WHAT IS REQUIRED
Taking the line with "Les tout-petits peuvent" as the first and the line with "For photographers, this" as the last, set down exactly every line in that range from the entries below, and no more.

RECORDS

^^^^^^^^^^^^^^^^

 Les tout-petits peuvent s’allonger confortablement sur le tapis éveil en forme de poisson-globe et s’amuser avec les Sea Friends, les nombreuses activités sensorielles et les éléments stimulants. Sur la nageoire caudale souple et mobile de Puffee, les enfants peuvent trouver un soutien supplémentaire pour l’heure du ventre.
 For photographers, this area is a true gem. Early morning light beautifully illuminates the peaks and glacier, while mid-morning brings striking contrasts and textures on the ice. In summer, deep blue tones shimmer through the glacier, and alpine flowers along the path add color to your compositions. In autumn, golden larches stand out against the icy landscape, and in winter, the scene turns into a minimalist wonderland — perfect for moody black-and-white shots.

^^^^^^^^^^^^^^^^

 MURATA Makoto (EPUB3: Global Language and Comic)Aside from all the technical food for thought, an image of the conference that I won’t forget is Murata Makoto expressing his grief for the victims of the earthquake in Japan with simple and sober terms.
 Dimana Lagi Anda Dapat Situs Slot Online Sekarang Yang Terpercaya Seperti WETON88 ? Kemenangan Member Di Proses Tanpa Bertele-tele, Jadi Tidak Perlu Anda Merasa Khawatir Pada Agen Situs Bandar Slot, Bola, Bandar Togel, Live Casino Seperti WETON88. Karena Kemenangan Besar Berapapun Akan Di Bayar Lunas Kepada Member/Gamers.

^^^^^^^^^^^^^^^^

RESPONSE TO THIS TASK
 Les tout-petits peuvent s’allonger confortablement sur le tapis éveil en forme de poisson-globe et s’amuser avec les Sea Friends, les nombreuses activités sensorielles et les éléments stimulants. Sur la nageoire caudale souple et mobile de Puffee, les enfants peuvent trouver un soutien supplémentaire pour l’heure du ventre.
 For photographers, this area is a true gem. Early morning light beautifully illuminates the peaks and glacier, while mid-morning brings striking contrasts and textures on the ice. In summer, deep blue tones shimmer through the glacier, and alpine flowers along the path add color to your compositions. In autumn, golden larches stand out against the icy landscape, and in winter, the scene turns into a minimalist wonderland — perfect for moody black-and-white shots.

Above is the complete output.